Telegraph : MI6 spy found dead in bag: Gareth Williams visited bondage websites, drag cabaret and gay bars

Wednesday, December 22, 2010

MI6 spy found dead in bag: Gareth Williams visited bondage websites, drag cabaret and gay bars

By Duncan Gardham, Security Correspondent | December 22, 2010

A British spy whose naked body was found padlocked into a sports bag in the bath of his flat in central London had been visiting bondage websites and drag clubs and had a £15,000 collection of women’s designer clothing, police have disclosed.

Officers investigating the death of Gareth Williams, a GCHQ code breaker who was on secondment to MI6, have released details of his unusual private life and explained the extraordinary riddle that surrounds his death.

While the death is officially described as “suspicious” rather than murder, officers also released e-fits of a Mediterranean couple that visited the flat a few weeks later and let themselves in with a key.

Det Chief Supt Hamish Campbell, the head of Scotland Yard’s murder squad, said he was aware that the details would be “embarrassing, hurtful and distressing” for Mr Williams’s family but said they supported the appeal for anyone that had encountered him in the nightclubs, online or at women’s clothing shops to come forward.

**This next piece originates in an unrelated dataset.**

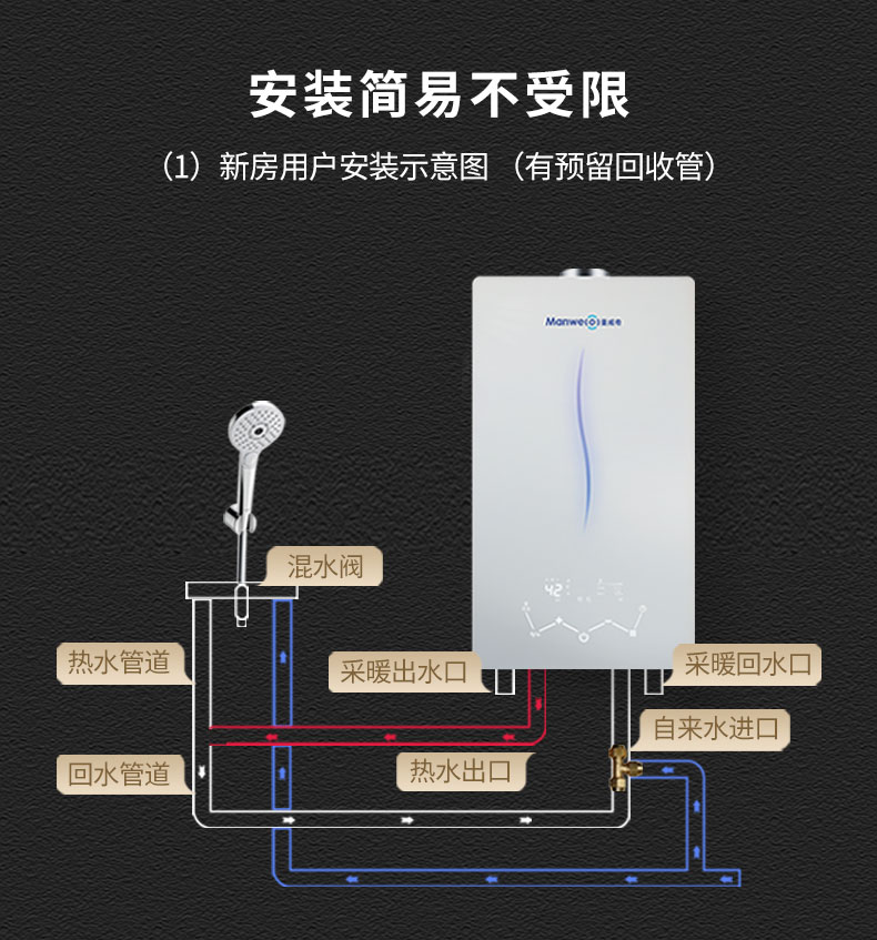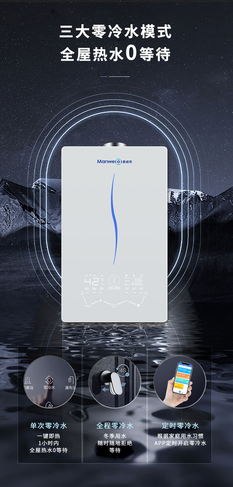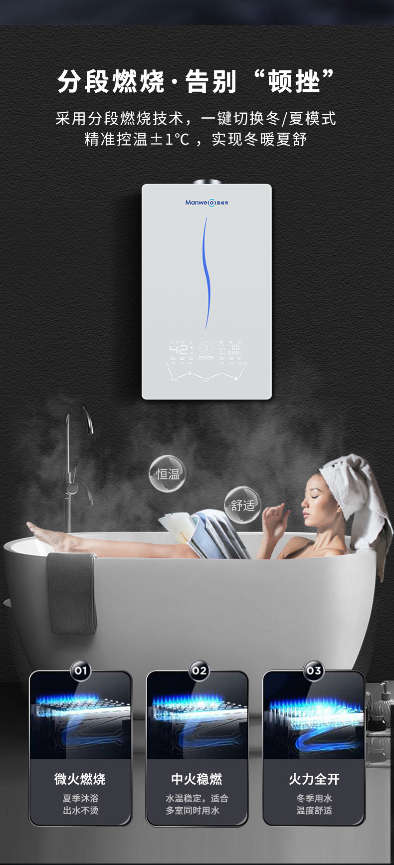 零冷水,分段燃燒技術感覺更寬頻即熱式沐浴體驗,水溫水壓穩定具有氣候補償功能,舒適節能。全銅質板換器采用蜂窩式分層設計,熱水交又對流,加熱更快更恒溫,體驗更舒適。21重安全保護功能全方位監控運行狀況,安全無憂。

“We are very sure that someone else was in that flat. We want to know the circumstances when you would leave somebody in that position, by accident or design,” he added.

Det Chief Insp Jacqueline Sebire, who is leading the inquiry, described Mr Williams, 31, from Anglesey in North Wales, as an “intensely private person” who had kept his lifestyle hidden from friends and family.

His body was found in a red North Face holdall on August 23 after he failed to turn up to work at MI6’s headquarters at Vauxhall Cross in London.

Inside the flat, police found half a dozen boxes with neatly folded, apparently unused women’s designer clothing and shoes, along with a number of wigs.

The clothing had been bought online and in smart shops in London’s West End, starting in 2008 and going up until a few weeks before Mr Williams died.

They were all in small sizes that would have fitted Mr Williams, who was 5ft 8ins tall and weighed around 9st.

The labels included Stella McCartney, Christopher Kane and Christian Louboutin shoes, and the collection came to around £15,000.

Mr Williams was not in debt, police said, and there were no signs that unaccounted sums of money had been paid in or left his bank account.

Unknown to his family and colleagues, Mr Williams had also attended two, six to eight week courses in fashion design for beginners at the prestigious Central St Martin’s College of Art and Design in London during evenings and weekends, one in 2010 and one in 2009, passing both courses.

Mr Williams had recently visited the West Coast of the US for his work which involved working on computers and intercept techniques, and had combined the trip with a fly-drive holiday.

He arrived back in Britain on Wednesday August 11 and two days later he went to the Bistrotheque restaurant and bar in Bethnal Green, East London to watch Jimmy Woo, a drag artist.

CCTV recovered later showed him wearing cream trousers and a blue t-shirt.

“He went alone and left alone,” DCI Sebire said. “He chatted to people at the event but it was nothing other than small talk.”

The spy also had two single tickets for two other drag acts at the Vauxhall Tavern in South London, not far from MI6 headquarters, for each of the following weekends.

A single witness has also said they chatted to him at a gay bar called Barcode in Vauxhall in May, although police have been unable to trace any sexual partners, either heterosexual or homosexual.

However examination of his personal laptop and personal mobile phone showed that he had visited five separate bondage websites, beginning with a search on the encyclopedia site Wikipedia and followed up with the sites hogtie.com, boundanna.com, artofconstriction.com and likera.com.

The evidence recovered from the computer and phone does not show whether he chatted to anyone online, but some of the sites had chat forums, police said.

The sites were said to be primarily pictures of women and “how to guides” and Mr Williams visited them on only four occasions between the end of 2009 and a few weeks before he died. There was no sign that he had visited any pornographic websites.